Simple direct-mapped cache simulation on FPGA




This article is a part of a course work for first year bachelor students of Innopolis University. All work is done in a team. The purpose of this article is to show an understanding of the topic, or to help to understand it using simulation.




Git repository link




Principle of work but from the user side should look like:


  • To write any data in memory, you need to access the RAM with data and address in which we want to write.
  • To access the data, we have to adress to cache. If the cache cannot find the necessary data, then it accesses the RAM by copying data from there.

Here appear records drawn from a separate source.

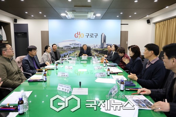 장인홍 구로구청장과 참석자들이 ‘G-밸리 생활권 보행환경 종합정비사업 중간보고회’에서 보고 내용을 청취하고 있다. [사진제공=구로구청] |
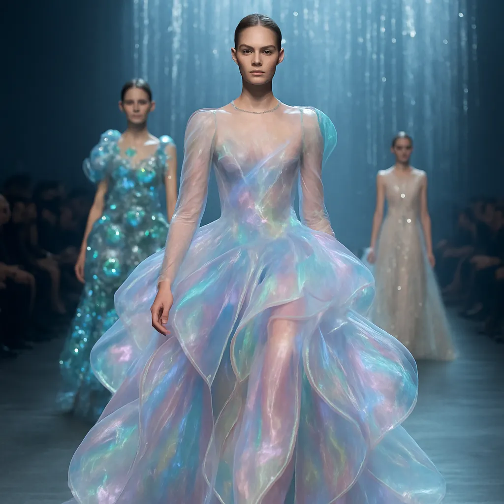 W efekcie podziwiamy ubrania, które płynnie transformują się w zależności od kąta padania światła i kąta obserwacji. Ta symbioza mody i technologii otwiera przed projektantami nieograniczone możliwości artystycznej ekspresji, a publiczność zostaje zaproszona do udziału w widowisku, gdzie granice między rzeczywistością a cyfrową iluzją się zatracają.
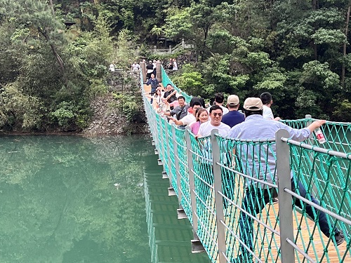 第一站大家兴致高昂地来到大慈岩风景区。有的员工沿着石阶拾级而上,有的员工乘坐空中索道上山,途中游览了建在悬崖上的清音阁,观赏了清澈碧绿的玉华湖,见识了浑然天成的中华第一天然佛,最后登顶久负盛名的地藏王大殿。虽然登顶的过程并不轻松,但沿途的风景足以抵消爬山的疲惫。

When working with Verilog, it should be understood that each individual block of the program is represented as a module. As you know, the cache is not an independent part of fast memory, and for its proper operation it needs to take data from another memory block — RAM. Therefore, in order to simulate the work of the cache at the FPGA, we have to simulate whole RAM module which includes cache as well, but the main point is cache simulation.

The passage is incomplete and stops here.